The safety and scientific validity of this study is the responsibility of the study sponsor and investigators. Listing a study does not mean it has been evaluated by the U.S. Federal Government. Know the risks and potential benefits of clinical studies and talk to your health care provider before participating. Read our disclaimer for details.
 
ClinicalTrials.gov Identifier: NCT04309500
Recruitment Status : Not yet recruiting
First Posted : March 16, 2020
Last Update Posted : March 16, 2020
Sponsor:
Collaborator:
National Institute on Aging (NIA)
Information provided by (Responsible Party):
Annalise Rahman-Filipiak, University of Michigan

Brief Summary:
The goal of this study is to test efficacy and safety of person-centered, culturally-informed protocols for disclosure of different combinations of Alzheimer's dementia risk factors. Building on the results from a federally-funded assessment of preferences and needs of racially diverse participants and their respective friends/family members, in regard to Dementia - Alzheimer's Type, we have produced protocols for communication of DAT risk, with attention to specific adaptations in style or content based on individual factors and preferences. These protocols allow for communication of risk based on clinical history and diagnosis, structural neuroimaging, apolipoprotein-E status, and amyloid and tau burden on positron emission tomography. In particular, protocols specify (a) effective methods of communicating risk conferred by each data source, (b) information designed for patients versus informants, (c) psychoeducation needs, and (d) resource/support needs. We will recruit a randomly-selected subset of 10 dyads (including 5 participants who are Non-Hispanic African-American, 5 participants who are Non-Hispanic White) from the Stage I sample to whom we will develop and implement personalized DAT risk disclosure protocols. We will provide preliminary information on the effectiveness of these protocols in terms of patient/co-participant comprehension and recall of feedback provided, satisfaction with the content and format of feedback, and initial changes in mood or behavior immediately following and shortly after risk disclosure sessions.

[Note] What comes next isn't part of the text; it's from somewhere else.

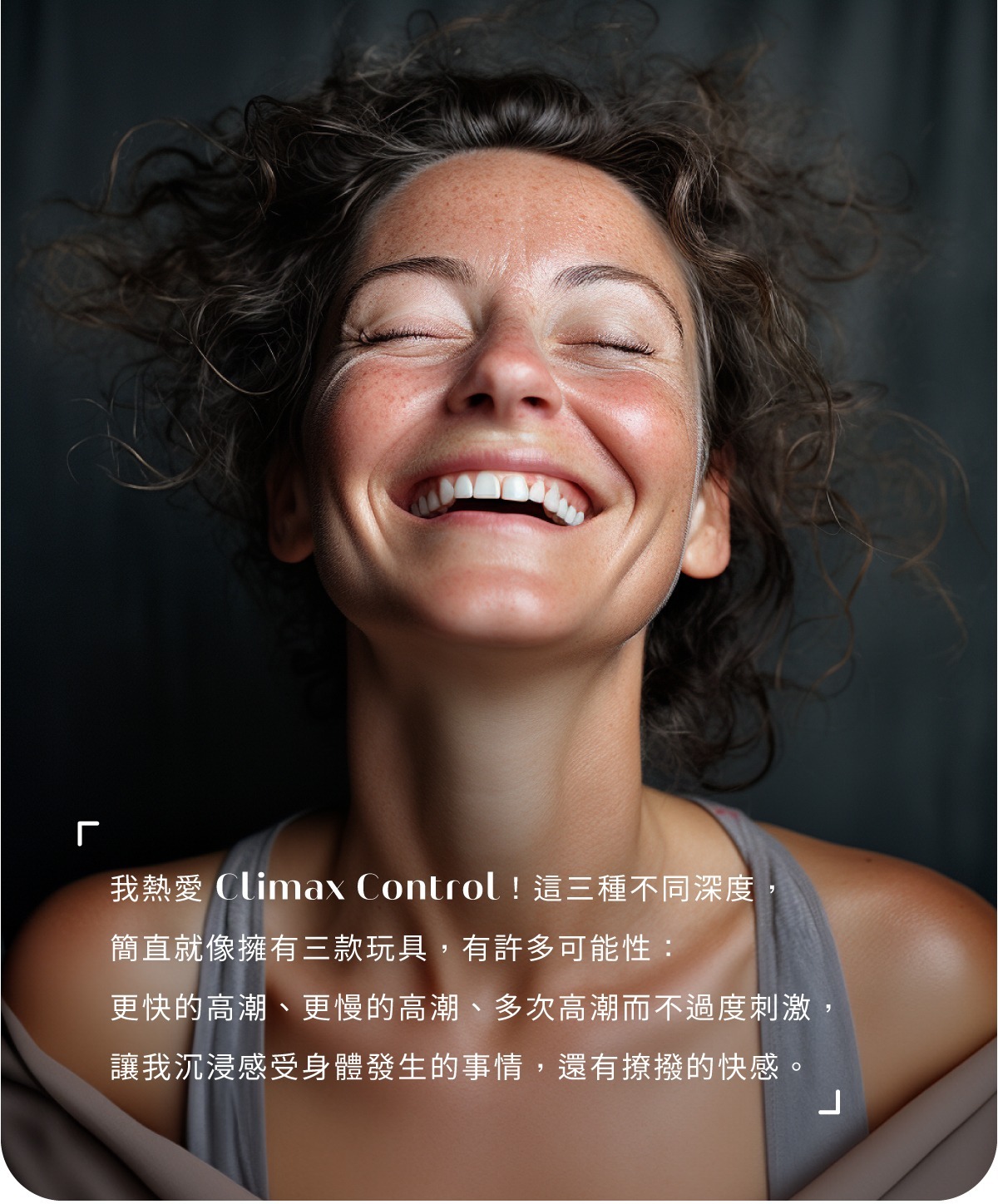 Climax Control 功能 : 新款 Climax Control 改變了 Pleasure Air 氣壓波的深度,以實現更豐富、更飽滿的感受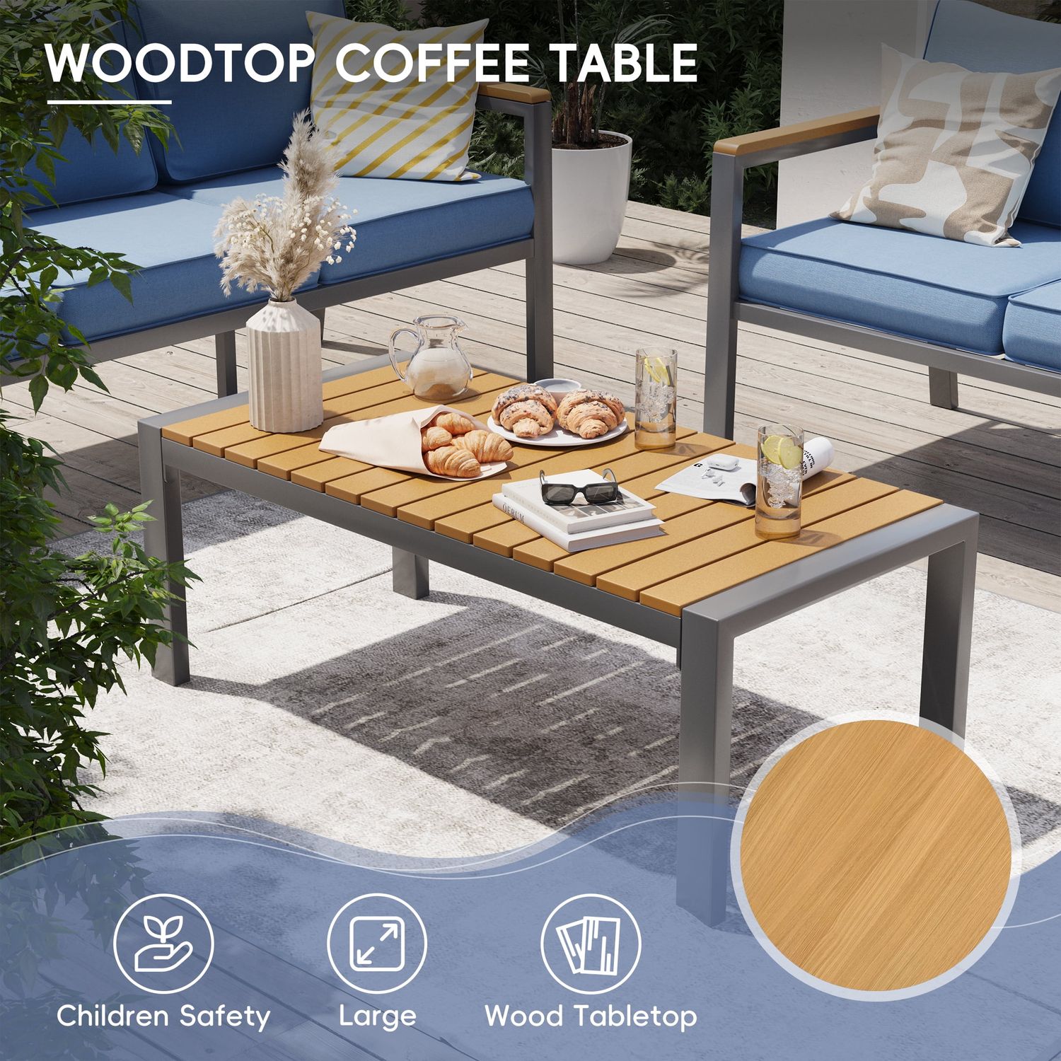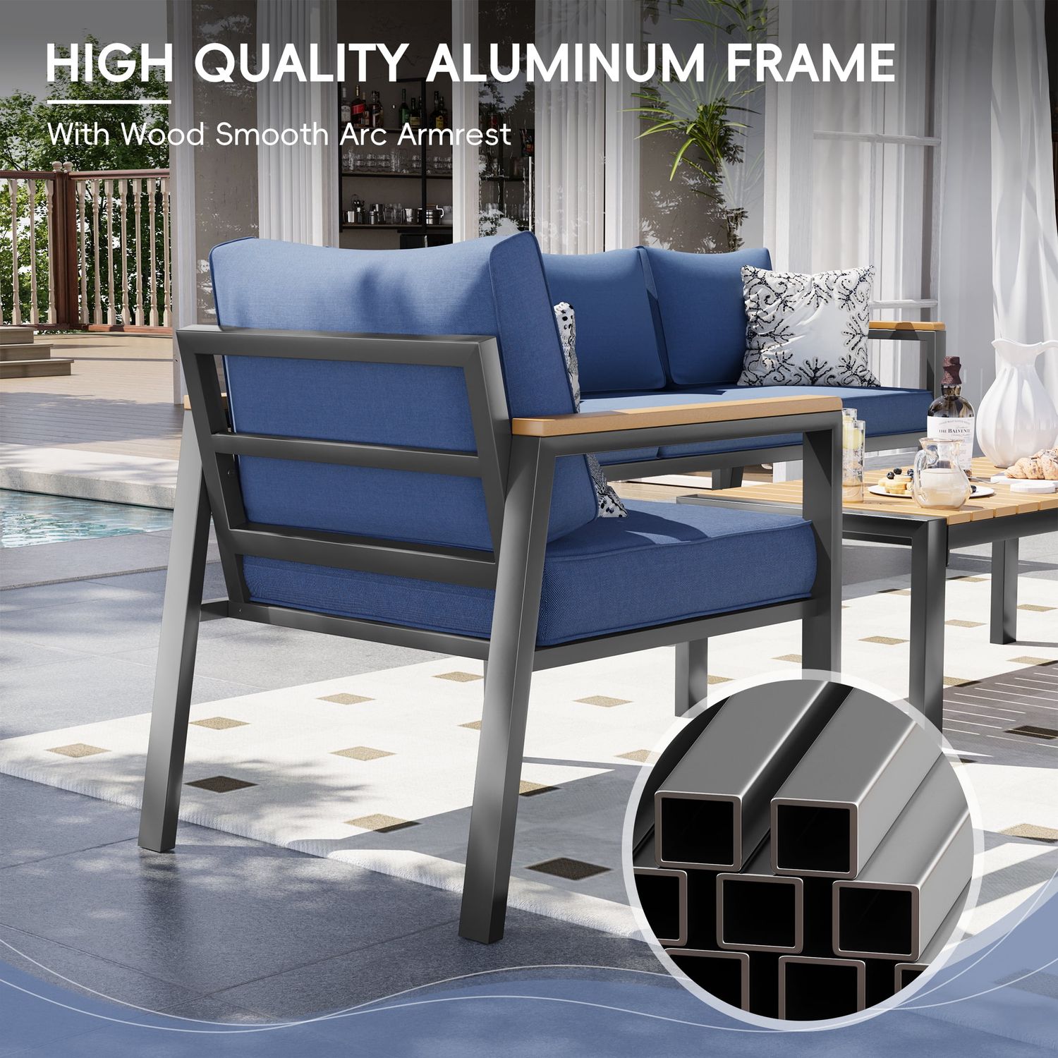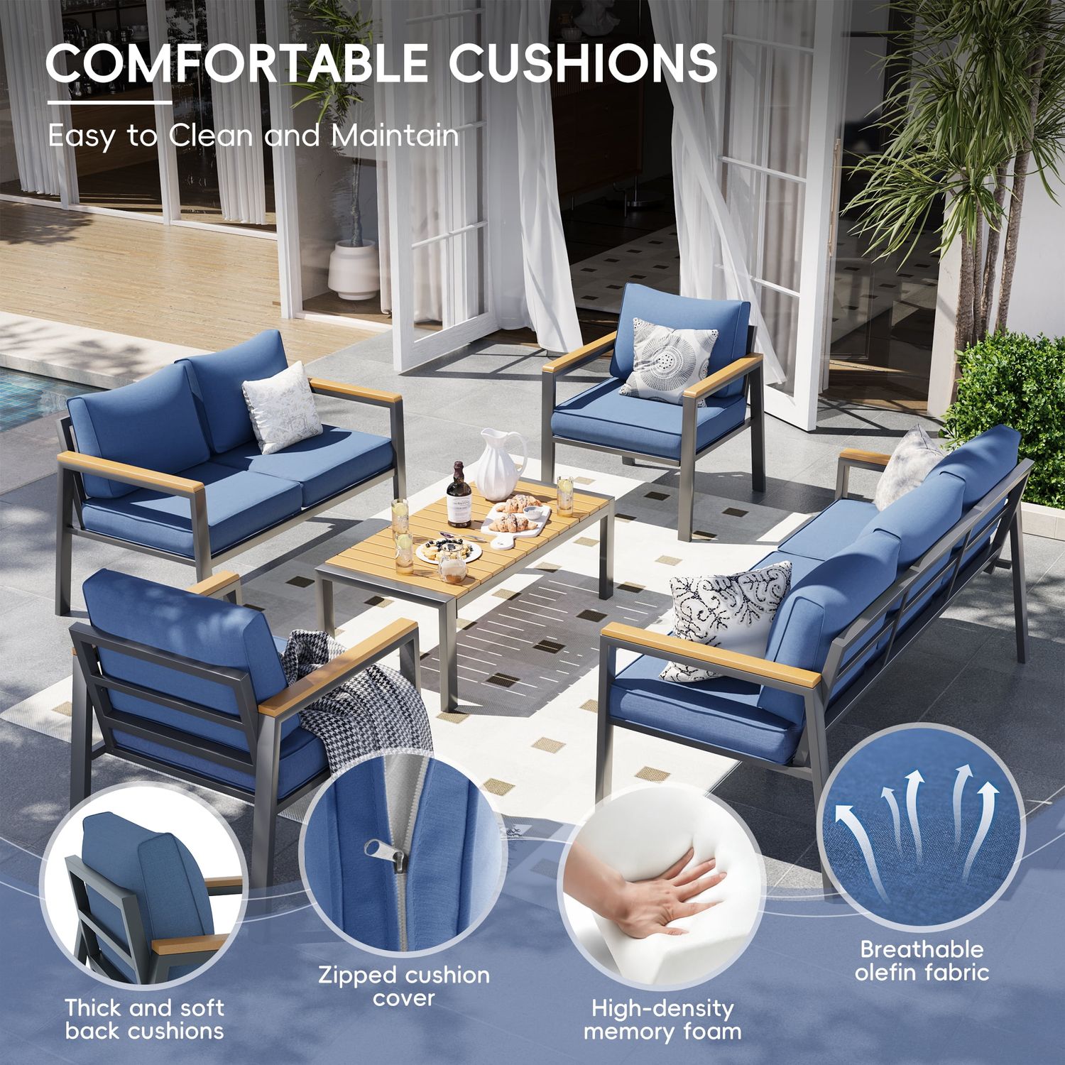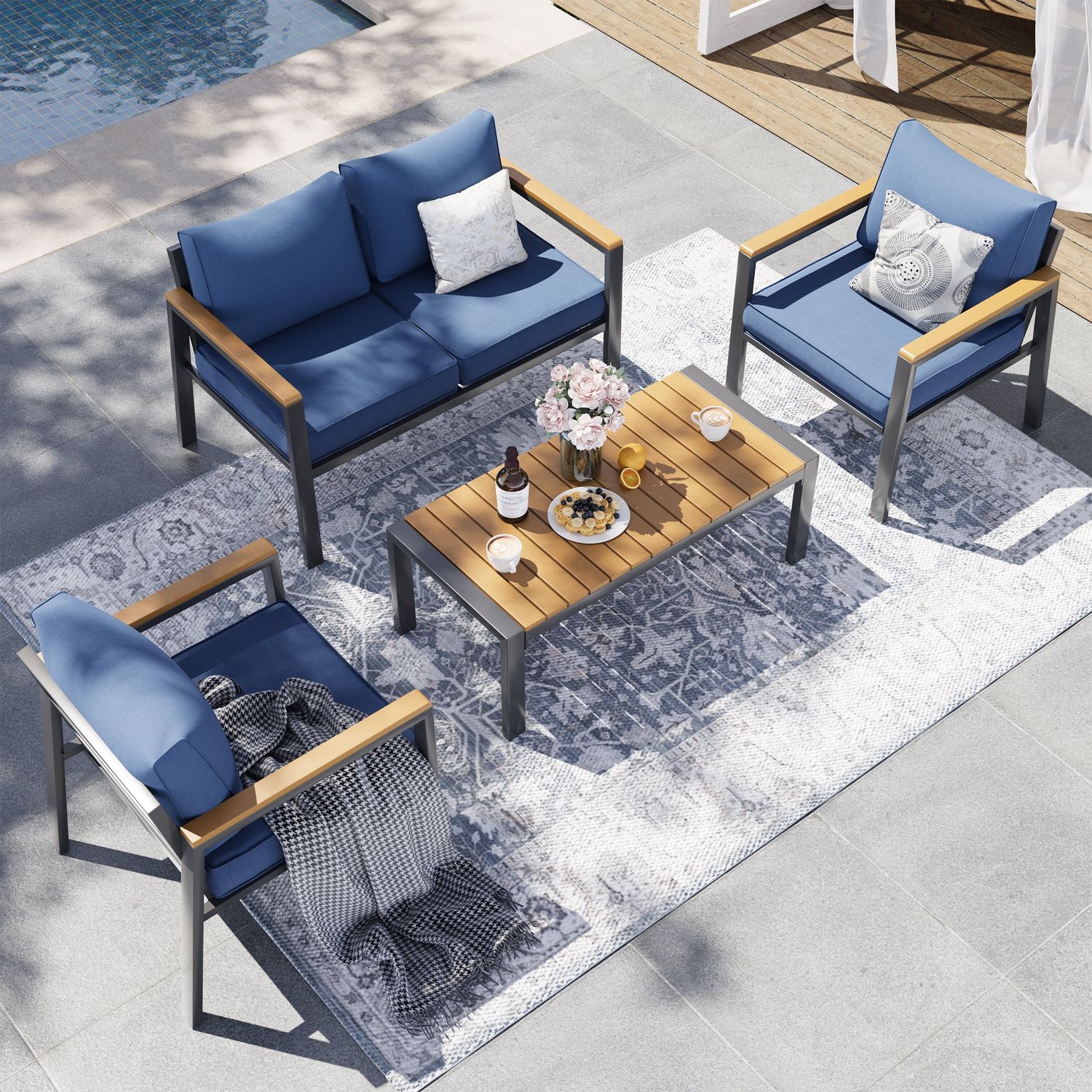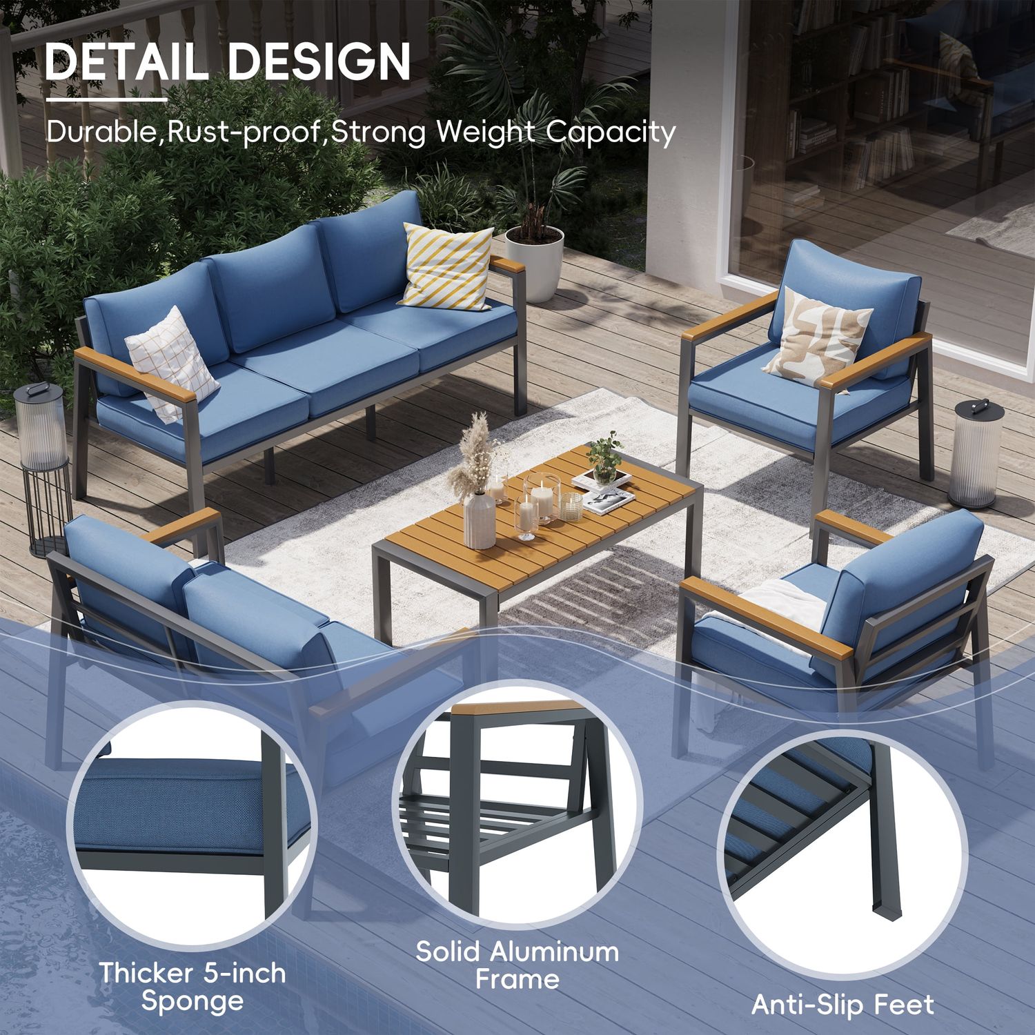 Poteban Aluminum Patio Furniture Set, Modern Metal Outdoor Patio Furniture, 5 Pcs Patio Conversation Sets with Wood Top Armrest & Table for Poolside

Condition or disease Intervention/treatment Phase
Mild Cognitive Impairment Healthy Aging Behavioral: Personalized DAT Risk Disclosure Protocol Not Applicable

Detailed Description:

Currently, a divide exists between Dementia - Alzheimer's Type (DAT) risk information that is shared in clinical settings versus genetic and biomarker-based risk information gathered and, less frequently, disseminated in research settings. Clinical feedback continues to discuss DAT risk in terms of personal/family history, neuropsychological or neurological testing, and standard neuroimaging reports. Research advances in genotyping, quantitative neuroimaging, and amyloid and tau positron emission tomography (PET) have improved our risk prediction and disease staging; however, the literature on how to share these important findings is sparse. Effective risk disclosure protocols are fundamentally dependent on the needs of recipients. However, we do not know how patients, or those tasked with current or future caregiving, decide what sources or types of risk information they want disclosed, nor their reasons for preferring certain types of information over others. Given the differences between static (e.g., family history, genotyping) and dynamic, potentially modifiable risk factors (e.g., amyloid burden), as well as varying familiarity with research-based biomarkers, it is especially important to understand how much information patients hope to receive and what they hope to do with it. This knowledge gap is particularly pertinent in minority and low-income populations given systemic challenges and cultural beliefs that may affect their psychological, physical, and financial ability to adapt to a high risk profile. Thus, understanding risk disclosure needs and preferences is a critical step in developing culturally-informed feedback protocols.

Aim 1 (accomplished during the Stage I observational Needs Assessment - HUM00160276) was to investigate the preferences and needs of racially diverse participants, and their respective informants, in regards to receiving feedback about their risk for DAT.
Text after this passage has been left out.